--- Aim of the task ---
The copy must run from the first line of the entries below through the line containing "Funky Buddha Γυναικείο", restated word for word, with pictures left out.

--- Supplied data ---
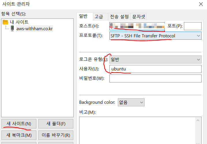 사용자 : ubuntu (서버에 따라 다름. putty 접속시 사용자 이름과 같음 - 참고)
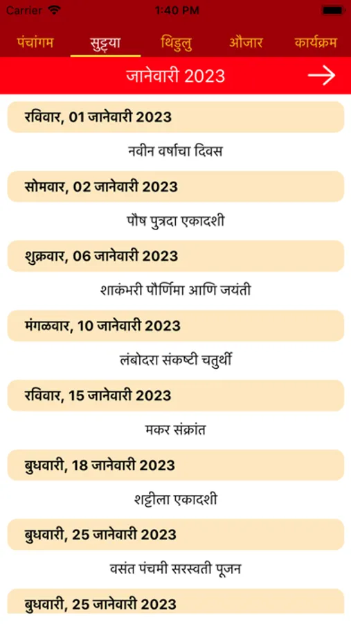 Marathi Calendar(मराठी कॅलेंडर) Panchang App for 2023 is now 2024 also!
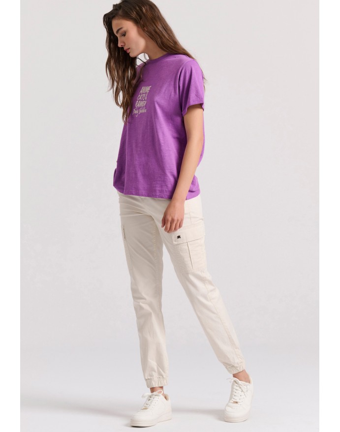 Funky Buddha Γυναικείο Cargo Παντελόνι με λάστιχο Chalk FBL009-101-02
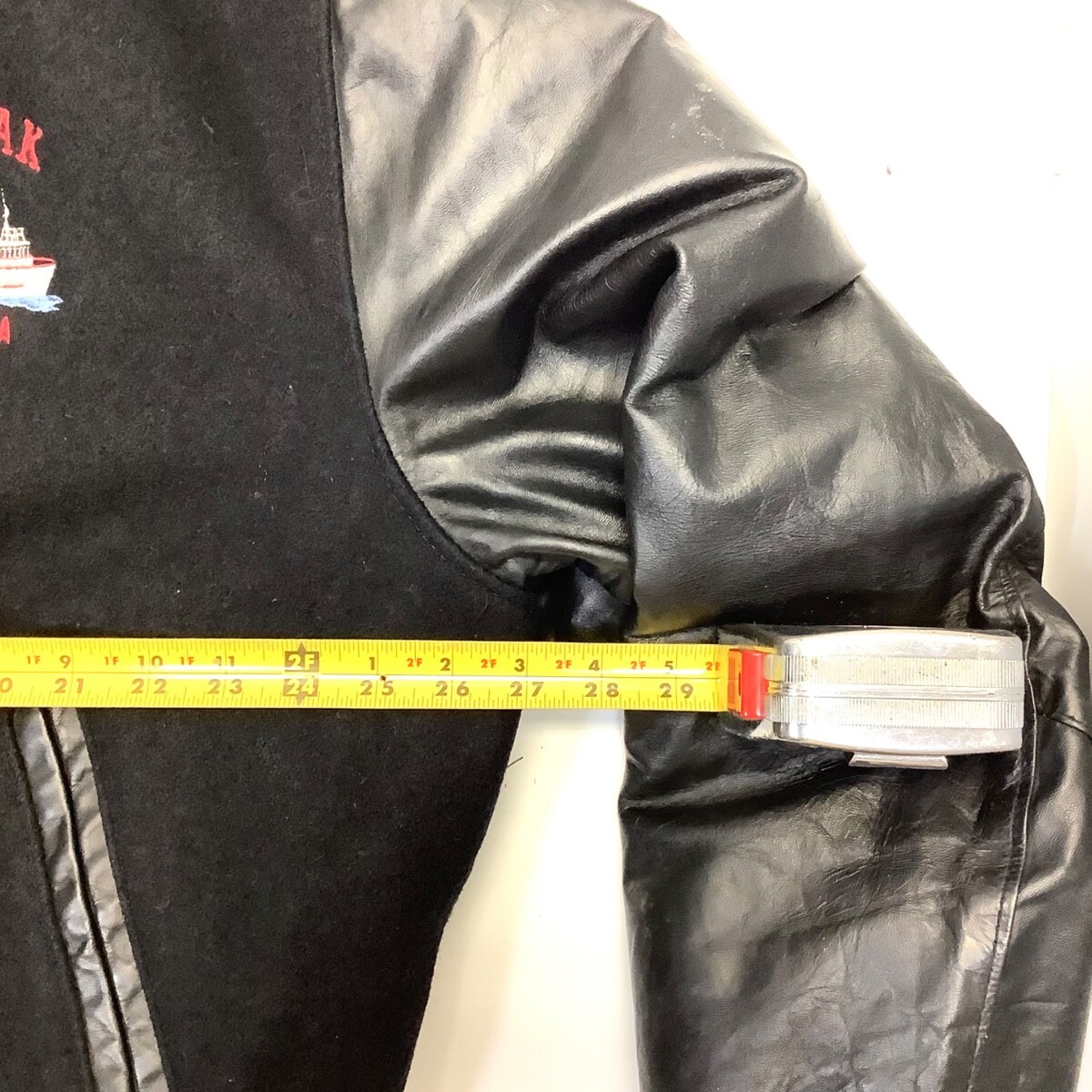 Kodiak Alaska Ship Captains Jacket Coat Mens Sz XL Full Snap Excelled NY USA Wool Leather. Shows some minor wear, but overall very nice conditions. Please see all photos. Photos include measurements for armpit to armpit and for top of shoulder to bottom of jacket.
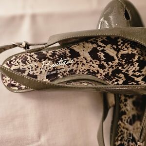 Materials are vegan patent, leather, and insole padded leather.
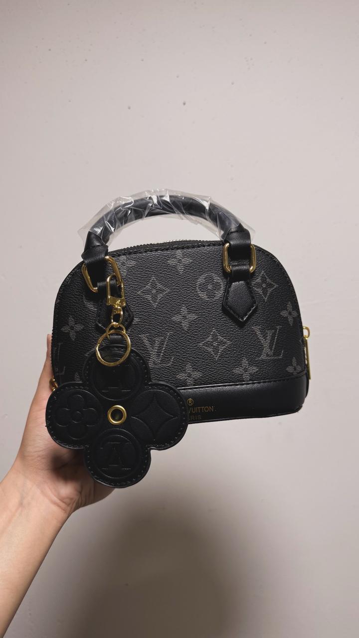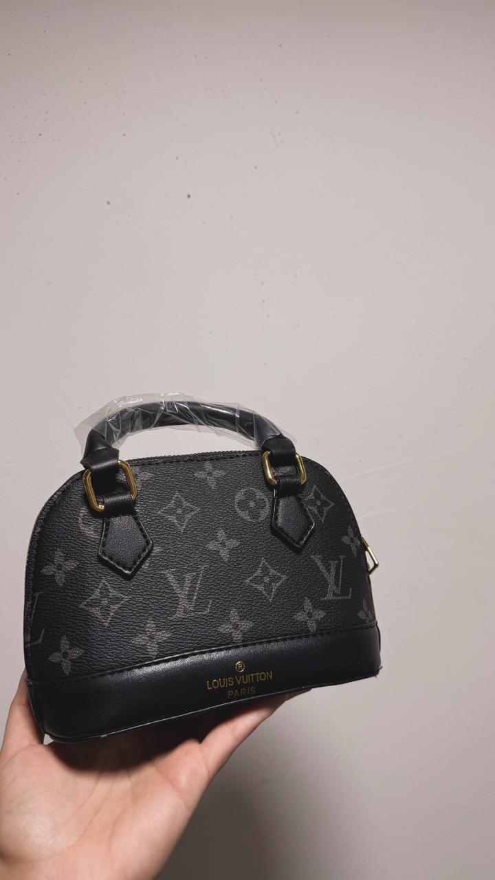 Мини-альма под бренд LV. В черно-сером цвете, с красным подкладом. Имеется длинный ремешок. Артикул: 507930

--- Result below ---
 사용자 : ubuntu (서버에 따라 다름. putty 접속시 사용자 이름과 같음 - 참고)
 Marathi Calendar(मराठी कॅलेंडर) Panchang App for 2023 is now 2024 also!
 Funky Buddha Γυναικείο Cargo Παντελόνι με λάστιχο Chalk FBL009-101-02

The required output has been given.